The sniper attack last year on a power plant in San Jose, California, wasn't nationally known until about a month ago. But it was a wake up call that put focus on the vulnerability of the electrical power supply in the U.S. While there are 55,000 power plants around the country, taking out only nine would incapacitate the whole system, according to a report released by the FERC. See Mail Online. Excerpt:
'Destroy nine interconnection substations and a transformer manufacturer and the entire United States grid would be down for at least 18 months, probably longer,' wrote FERC's director of external affairs Leonard Tao in a June memo that was only revealed publicly today.
Adding to the problem, the solution is not as simple as just protecting these nine stations because there are reportedly 30 stations that meet the necessary criteria but less than a third of them have to be attacked.
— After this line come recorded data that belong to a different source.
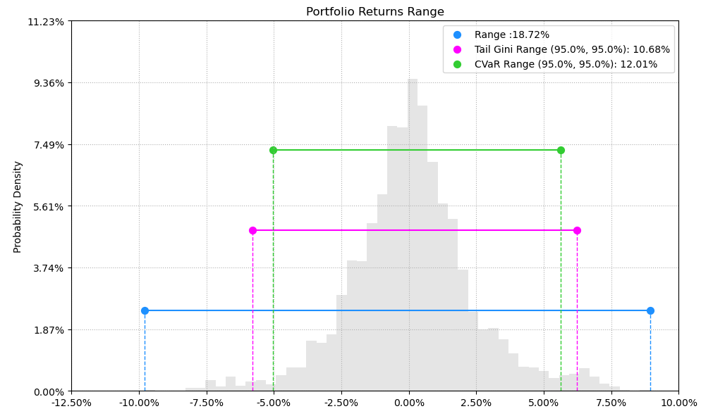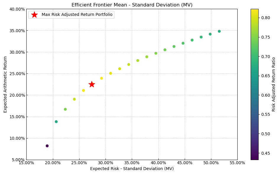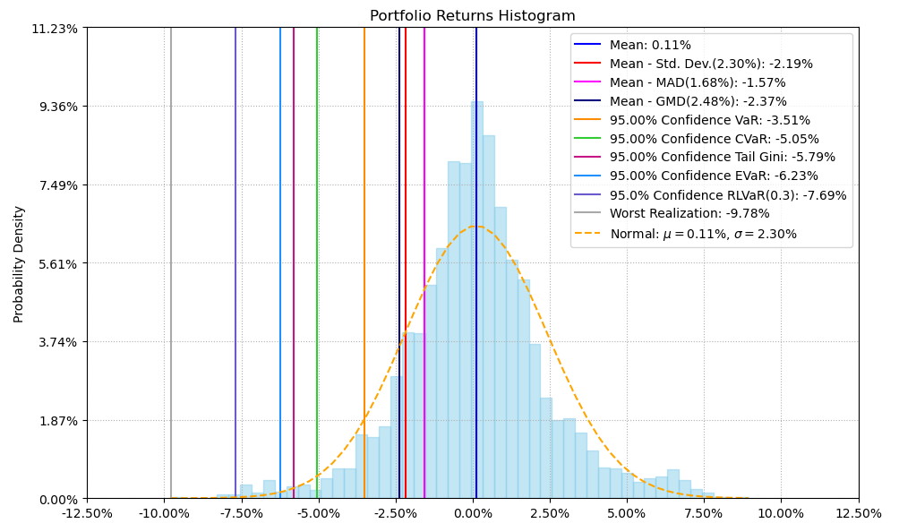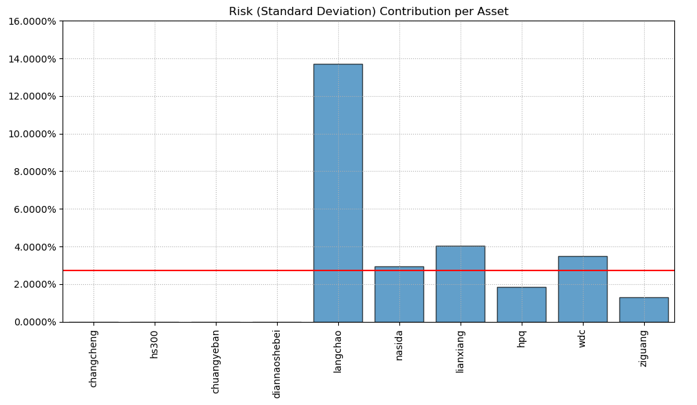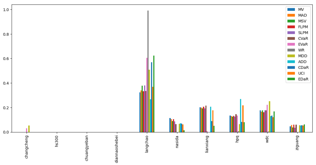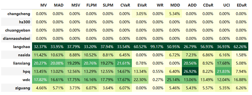 最后看下整个投资组合的情况,日度均值回报在0.11%,比上次测的重型设备行业高90%,相应地12.01%的CVaR波动也会大一些。(注:均值回报看Mean那一栏,越高越好;CVaR波动看CVaR那一栏,越低越好)
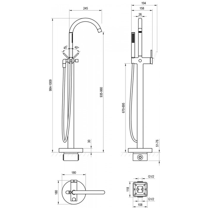 • Grindinis vonios maišytuvas Ravak Freedom, FM 082.20BL.RB07A, juoda
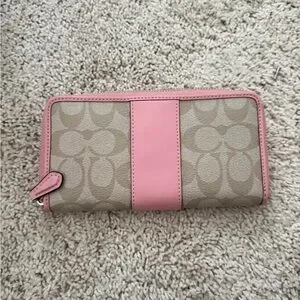 Coach zip-around wallet featuring beige signature monogram canvas with pink leather trim and center stripe. Sleek logo plaque on front. Functional and chic for daily use.
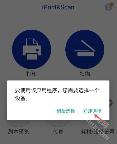 1. 安装兄弟打印机的iPrint&Scan应用程序,安装完成后将其打开,然后点击“立即选择”按钮。
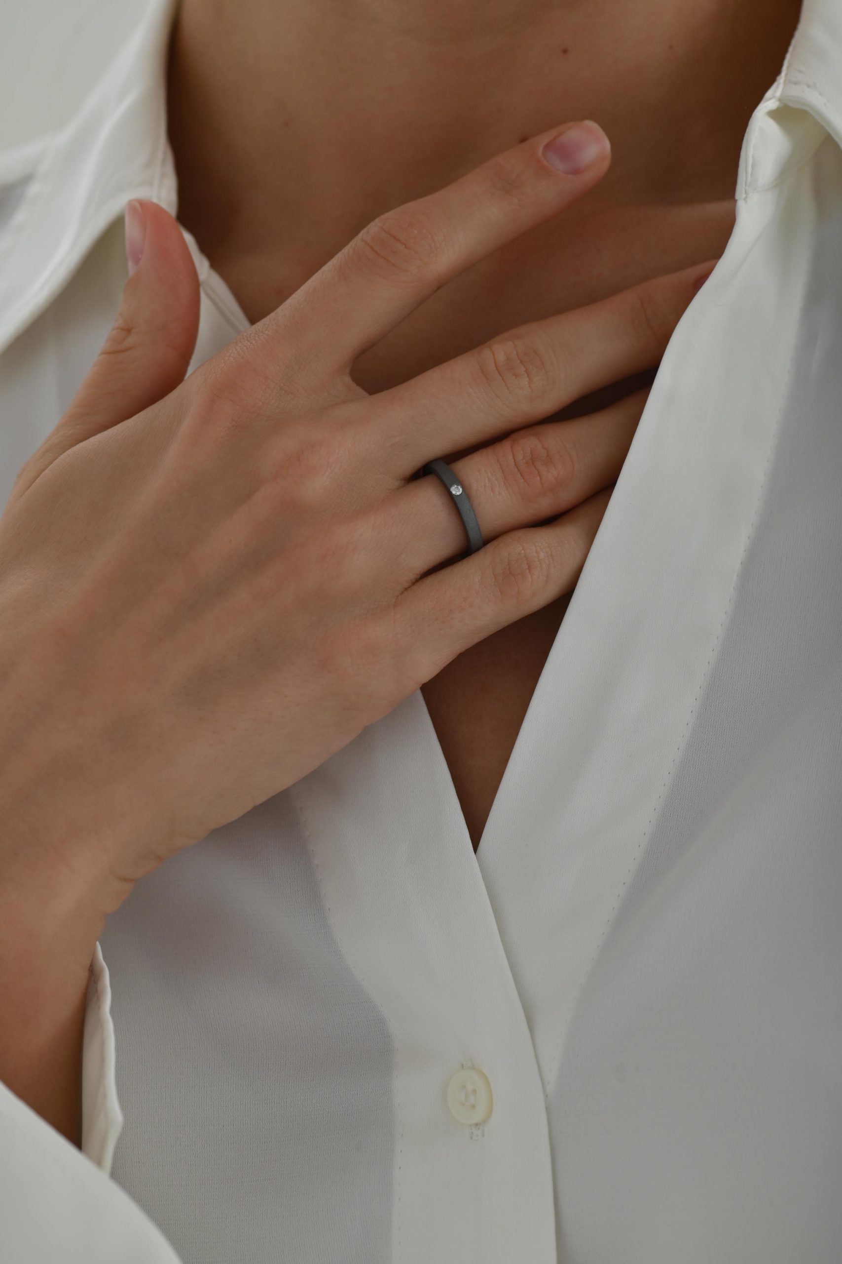 Для тех, кто любит выделяться. Его поверхность покрыта алмазной матовкой, что придаёт металлу благородную, чуть шершавую текстуру. В центре — бриллиант, спокойный и уверенный акцент. Но главное, что делает это кольцо по-настоящему особенным — чёрное родиевое покрытие.
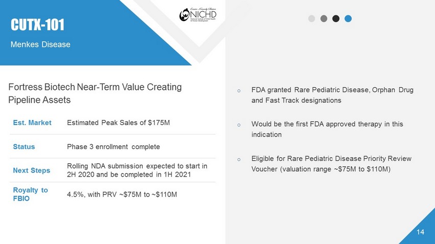 13 o Lentiviral vector gene therapy o ~1 in 225k newborns per year (U.S.) o ~400 patients living with XSCID post - transplant in the US and ~650 patients living with XSCID post - transplant in high and mid - income ex - U.S. countries o RMAT Designation granted by FDA in August 2019 o Published clinical results demonstrate**: o Multilineage engraftment of transduced cells o Reconstitution of functional T cells and B cells o Normalization of NK - cell counts MB - 107* Fortress Biotech Near - Term Value Creating Pipeline Assets XSCID “Bubble Boy” Disease Est. Market $200M / year Status Phase 2 Next Steps Transfer St. Jude IND to MBIO, Q1 2020 File IND for Phase 2 trial in previously treated patients, Q2 2020 Royalty to FBIO 4.5%, with PRV ~$75M to ~$110M *Product candidate in development at Mustang Bio, Inc., an entity which was founded by Fortress and in which Fortress still m ain tains a large ownership position. ** Mamcarz E et al. N Engl J Med. 2019; 380: 1525 - 1534; also, Mamcarz E et al. Blood. 2019;134(Suppl1): 2058.
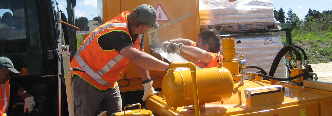 At longer breaks in the application work, it is recommended to decrease the temperature at all thermoplastic thermostats, or you can completely turn off the oil burner and keep an eye on the temperature.
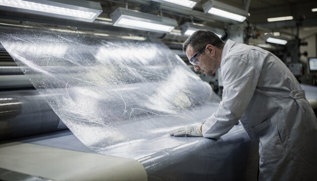 Medium shot of a technician manually inspecting fabric for coating defects closely examining pinholes and streaks under bright inspection lights in a controlled environment.
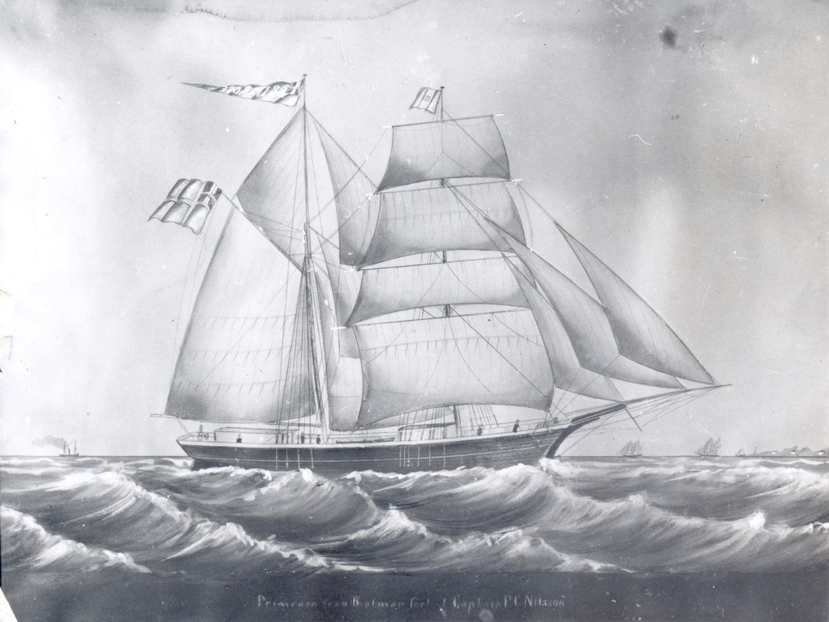 En målning av en skonert.
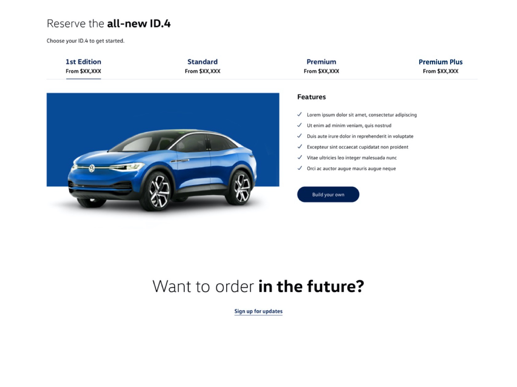 可以看到,大众ID.4将会采取类似于奥迪2019款e-tron SUV那样的销售策略。当其在下月正式发布之后,ID.4网站将充当一个研究工具,消费者可以在上面看到这款车的价格、续航里程、套件选择等信息,另外大众还会在上面解释消费者选择电动汽车的原因以及拥有电动汽车之后给其生活带来的改变。
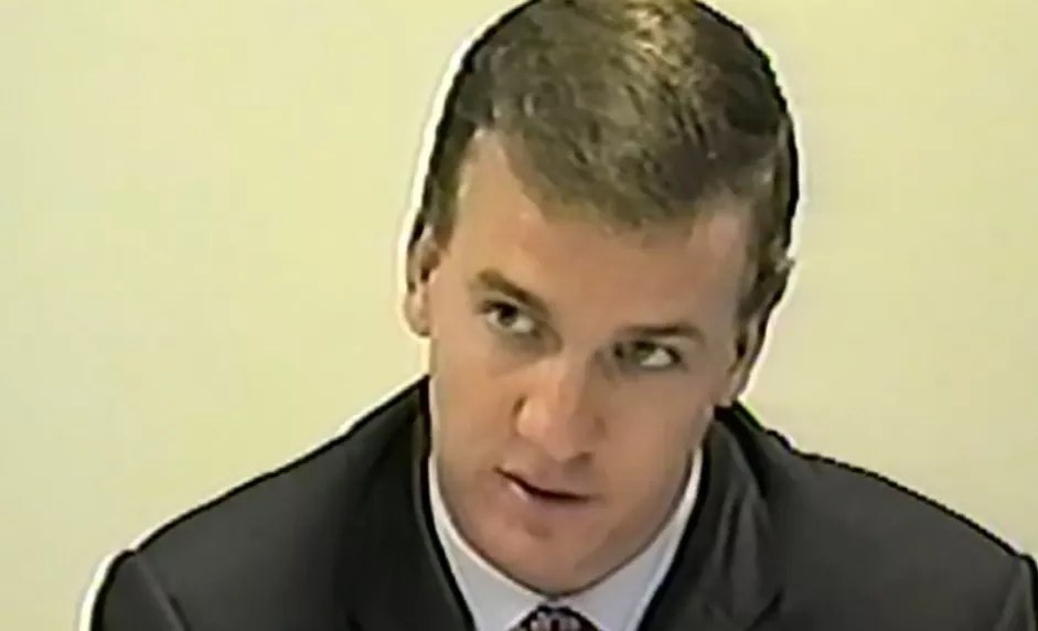 Peyton Manning during his 2003 deposition, as seen in the Inside Edition segment.
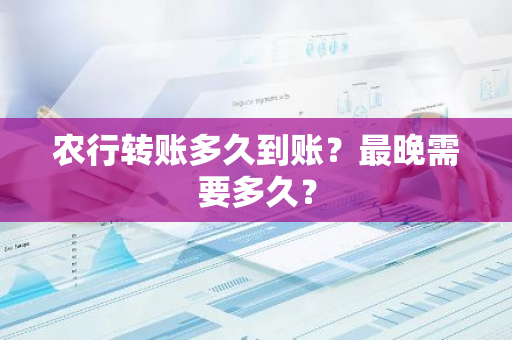 农业银行转账服务一直以来备受用户信赖,其转账服务不仅方便快捷,而且安全可靠。对于许多用户来说,转账的最晚到账时间是一个重要的考虑因素。通常情况下,农业银行转账的最晚到账时间为24小时。这意味着用户在进行转账后,资金将在最长不超过一天的时间内到达对方账户。这对于急需转账的用户来说是一个很好的选择。
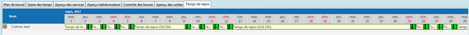 Pour les temps de repos, on vérifie si les heures de repos nocturne sont respectées. Si le marquage entre deux horaires est rouge, le temps de repos nocturne est insuffisant.
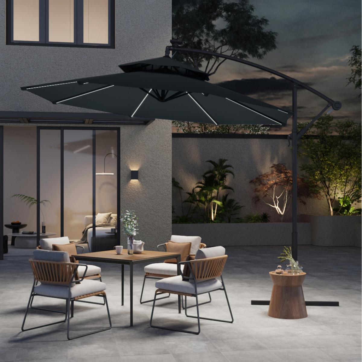 3 Meter Cantilever Parasol with Crossing Base and Lights - Dark Grey
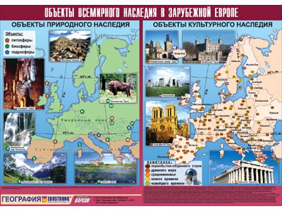 Таблица демонстрационная "Объекты всемирного наследия в Зарубежной Европе" (винил 100*140)
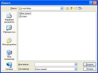 Если необходимо отредактировать уже существующую базу знаний необходимо выбрать команду меню «Файл - Открыть базу» и выбрать в окне выбора файла (рисунок 3.2) нужную базу - файл с расширением *.bzn. При открытии существующей базы можно приступать к редактированию правил (рисунок 3.3).
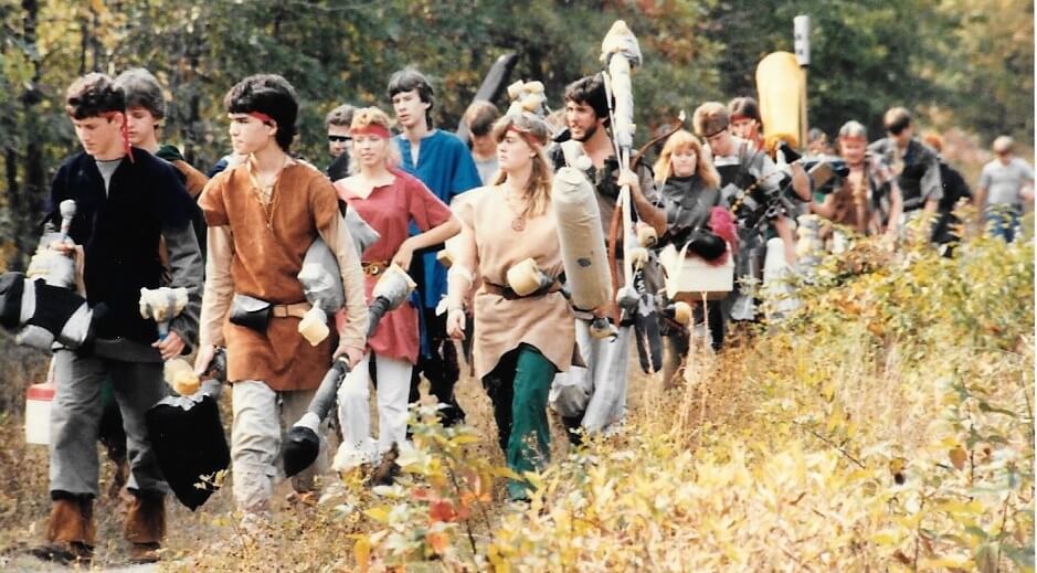 Unbeknownst to either the original Dagorhir Tribe or to Middle Earth, a charismatic young fighter named Falcon had moved West from Maryland to Cleveland, Ohio, in the early 1980’s, taking with him his padded weapons and Dagorhir handbook. Falcon founded Dagorhir Pentwyvern. Falcon made contact with the other Dagorhir groups and Pentwyvern offered to host the first Ragnarok.

Experts differ on the number of stations that would fall into said category- with others putting it closer to 100- but it does not diminish their concern.
Doesn't seem like a project for Al Qaeda as without electricity there would be no headlines. But eco-terrorists might be all in.
The silver lining, if there is one, would be that unlike an EMP attack our appliances and vehicles would still work. There would just be no electricity.
In any event, 18 months is a long time to go without power. After 9-11 there was a lot of focus on preparedness, but we had a different president back then. One has to wonder if our governments at any level have current contingency plans for something like that or whether we'll be on our own. Maybe it's time to start listening to those preppers.